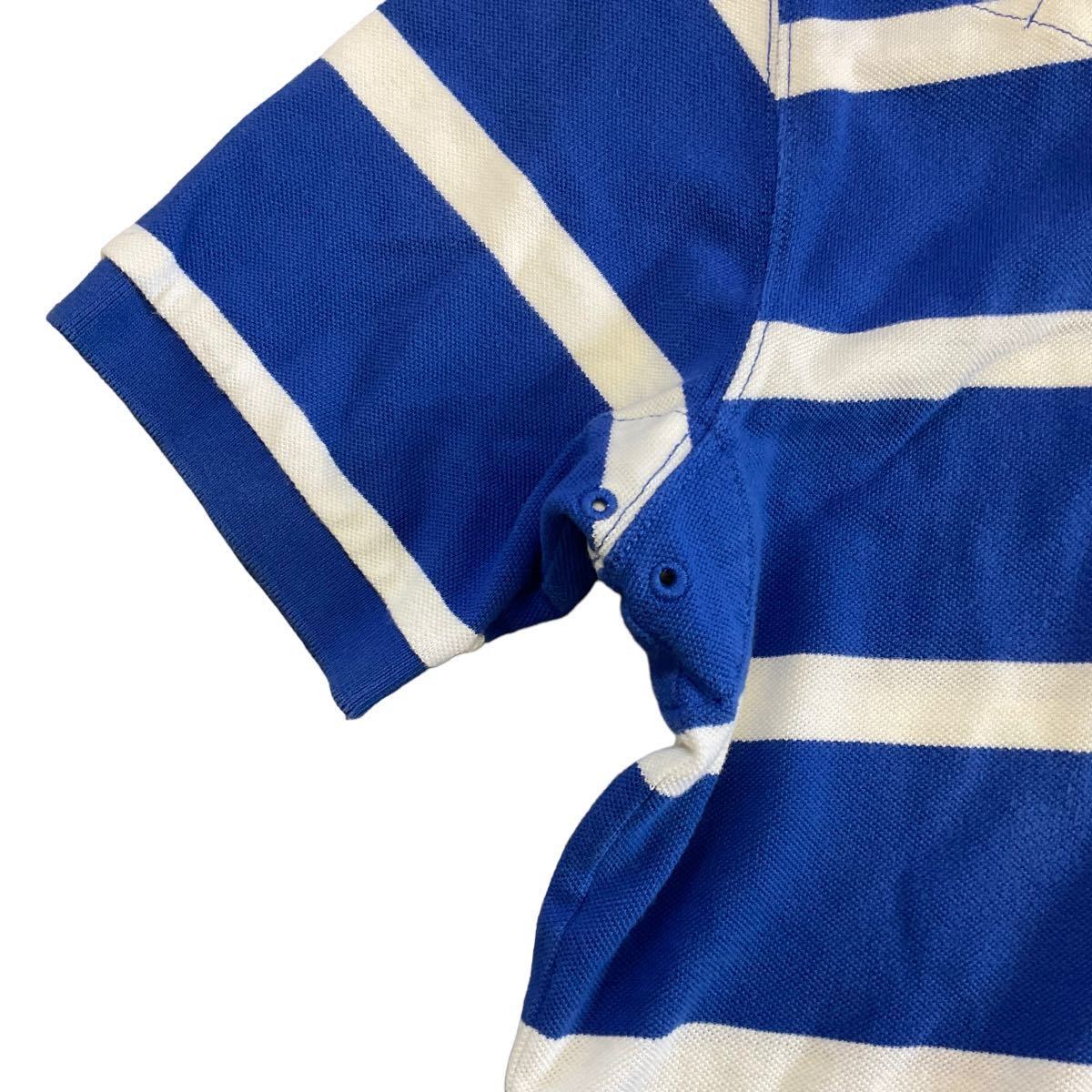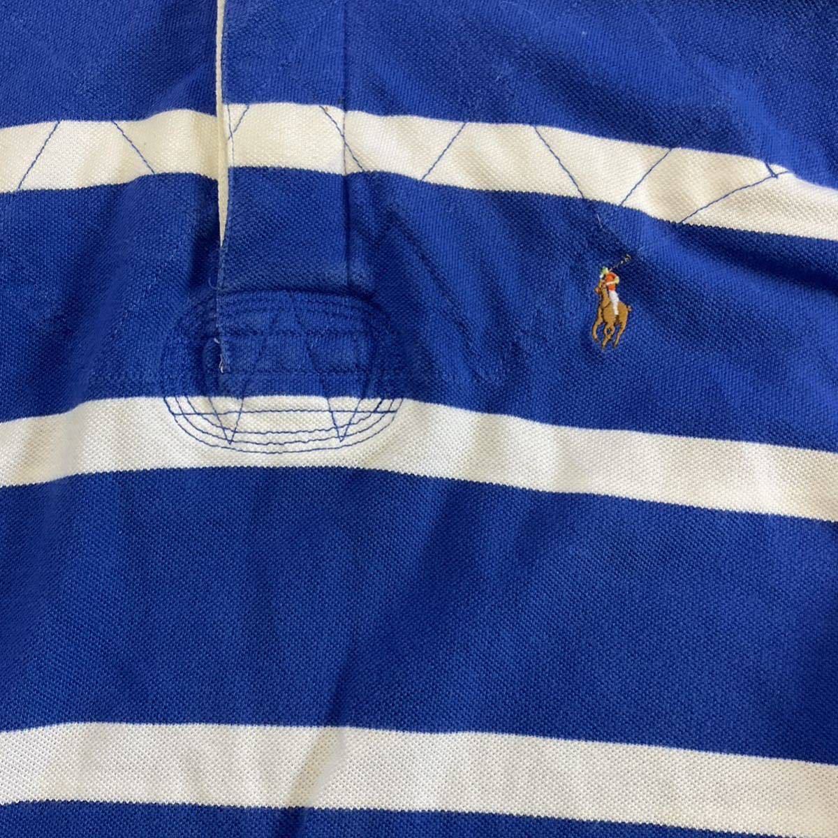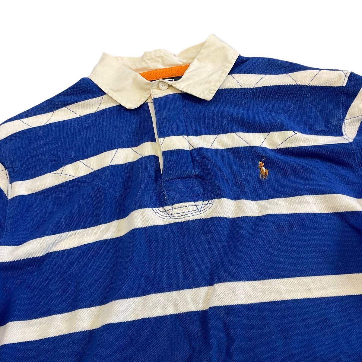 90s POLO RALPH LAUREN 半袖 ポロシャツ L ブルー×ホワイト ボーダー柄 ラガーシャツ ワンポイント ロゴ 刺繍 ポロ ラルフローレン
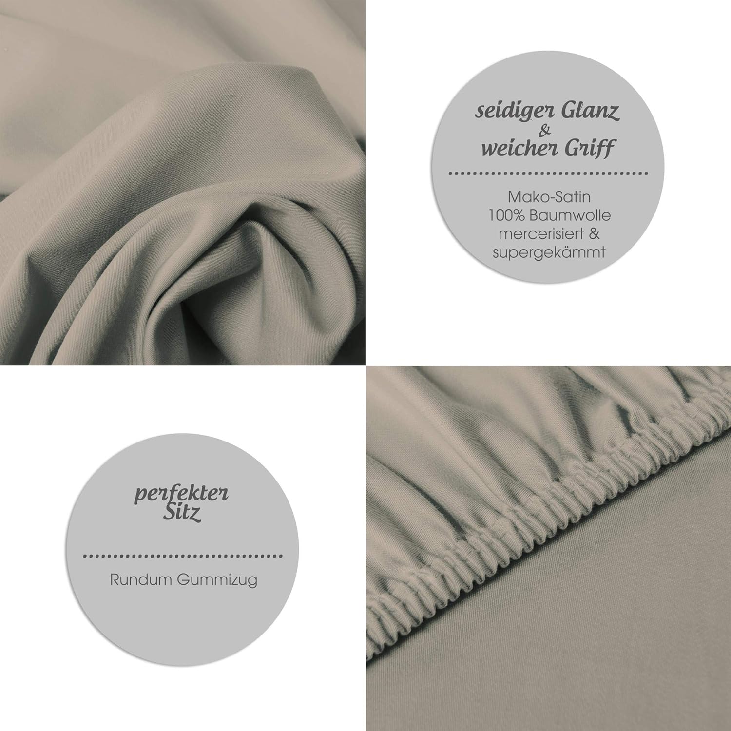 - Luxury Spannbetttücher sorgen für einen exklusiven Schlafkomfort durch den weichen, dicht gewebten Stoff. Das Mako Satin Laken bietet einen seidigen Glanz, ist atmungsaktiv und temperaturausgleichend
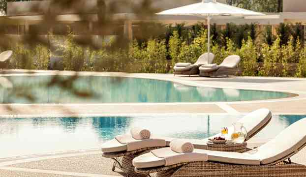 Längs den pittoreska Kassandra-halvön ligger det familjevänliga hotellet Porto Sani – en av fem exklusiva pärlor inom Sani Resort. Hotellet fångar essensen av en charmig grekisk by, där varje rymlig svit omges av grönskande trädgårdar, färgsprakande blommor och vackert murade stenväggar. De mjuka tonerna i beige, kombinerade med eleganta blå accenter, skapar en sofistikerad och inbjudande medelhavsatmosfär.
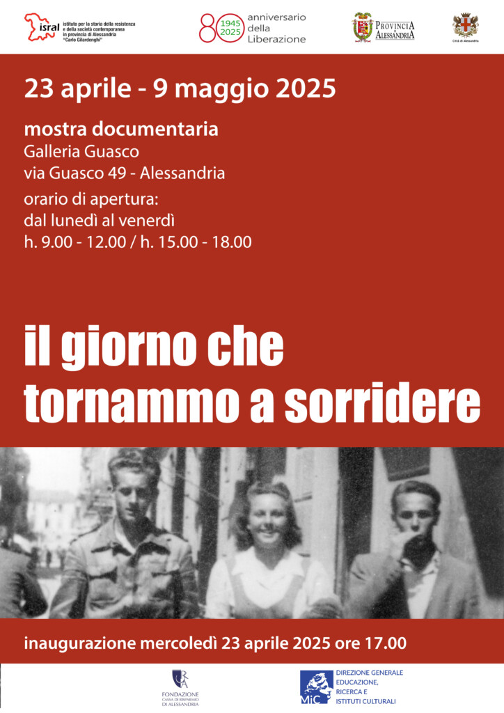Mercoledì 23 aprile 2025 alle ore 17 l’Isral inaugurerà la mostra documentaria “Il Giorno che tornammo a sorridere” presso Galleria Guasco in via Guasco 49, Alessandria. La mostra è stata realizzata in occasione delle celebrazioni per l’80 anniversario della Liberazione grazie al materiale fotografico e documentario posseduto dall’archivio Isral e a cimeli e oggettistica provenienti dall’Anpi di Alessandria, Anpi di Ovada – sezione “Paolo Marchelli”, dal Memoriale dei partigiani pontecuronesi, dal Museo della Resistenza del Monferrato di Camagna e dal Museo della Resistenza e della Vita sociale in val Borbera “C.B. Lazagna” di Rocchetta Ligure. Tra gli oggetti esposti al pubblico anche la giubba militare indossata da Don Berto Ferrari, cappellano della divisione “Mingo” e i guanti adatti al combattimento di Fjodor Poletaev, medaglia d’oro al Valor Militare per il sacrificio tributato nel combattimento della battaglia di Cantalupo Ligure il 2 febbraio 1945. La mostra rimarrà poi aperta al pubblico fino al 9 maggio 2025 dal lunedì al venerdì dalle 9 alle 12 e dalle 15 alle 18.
--
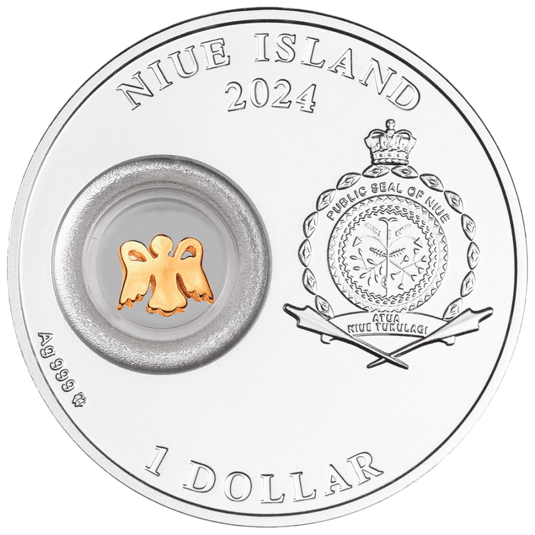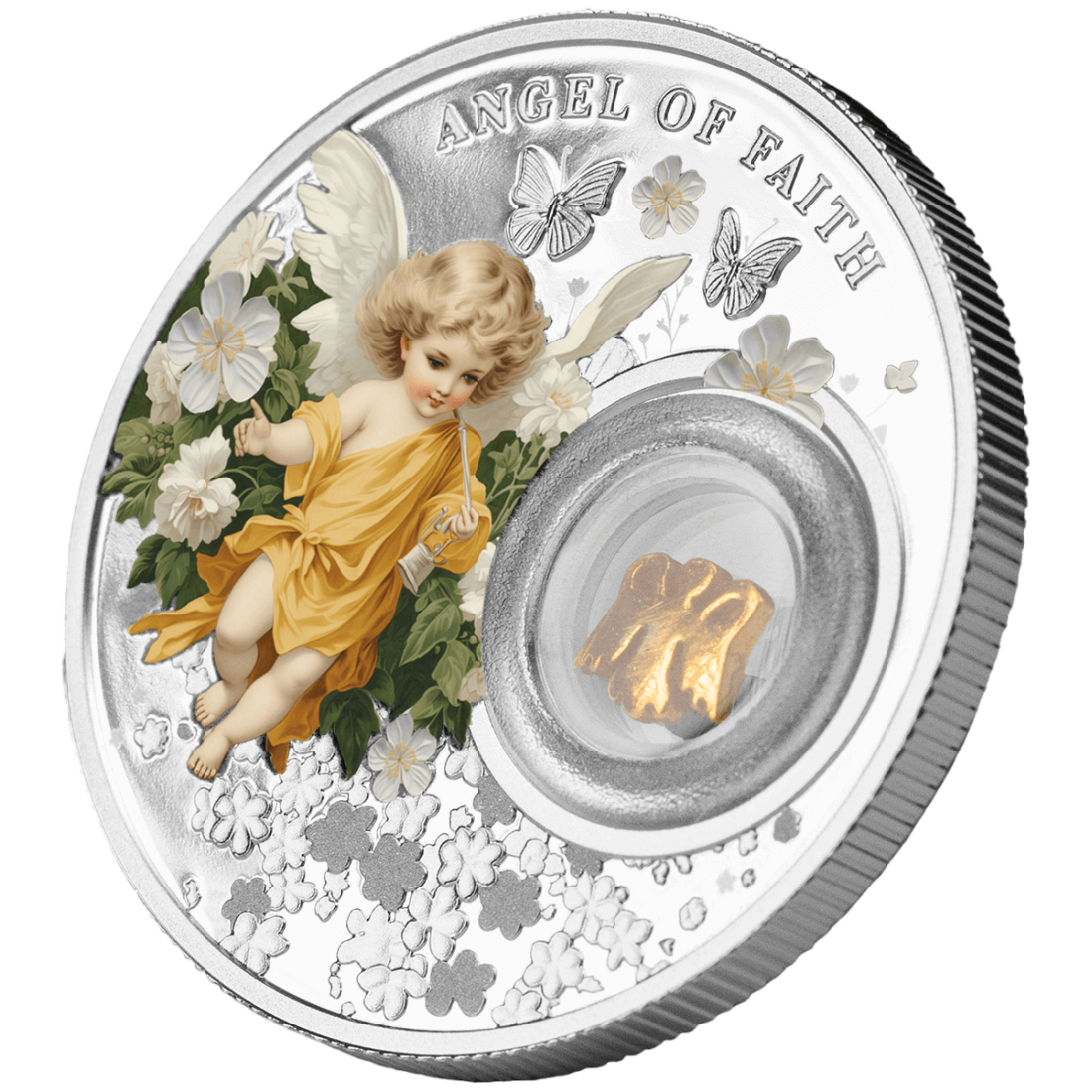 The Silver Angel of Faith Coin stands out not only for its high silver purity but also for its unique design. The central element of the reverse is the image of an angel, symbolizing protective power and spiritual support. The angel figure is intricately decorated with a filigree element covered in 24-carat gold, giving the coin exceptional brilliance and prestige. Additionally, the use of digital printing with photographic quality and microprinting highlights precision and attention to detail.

YOUR TASK:
Between and including the line above that contains "- Luxury Spannbetttücher" and the line that contains "Längs den pittoreska", restate every line word for word. Pictures stay out.

ANSWER TO THIS EXERCISE:
 - Luxury Spannbetttücher sorgen für einen exklusiven Schlafkomfort durch den weichen, dicht gewebten Stoff. Das Mako Satin Laken bietet einen seidigen Glanz, ist atmungsaktiv und temperaturausgleichend
 Längs den pittoreska Kassandra-halvön ligger det familjevänliga hotellet Porto Sani – en av fem exklusiva pärlor inom Sani Resort. Hotellet fångar essensen av en charmig grekisk by, där varje rymlig svit omges av grönskande trädgårdar, färgsprakande blommor och vackert murade stenväggar. De mjuka tonerna i beige, kombinerade med eleganta blå accenter, skapar en sofistikerad och inbjudande medelhavsatmosfär.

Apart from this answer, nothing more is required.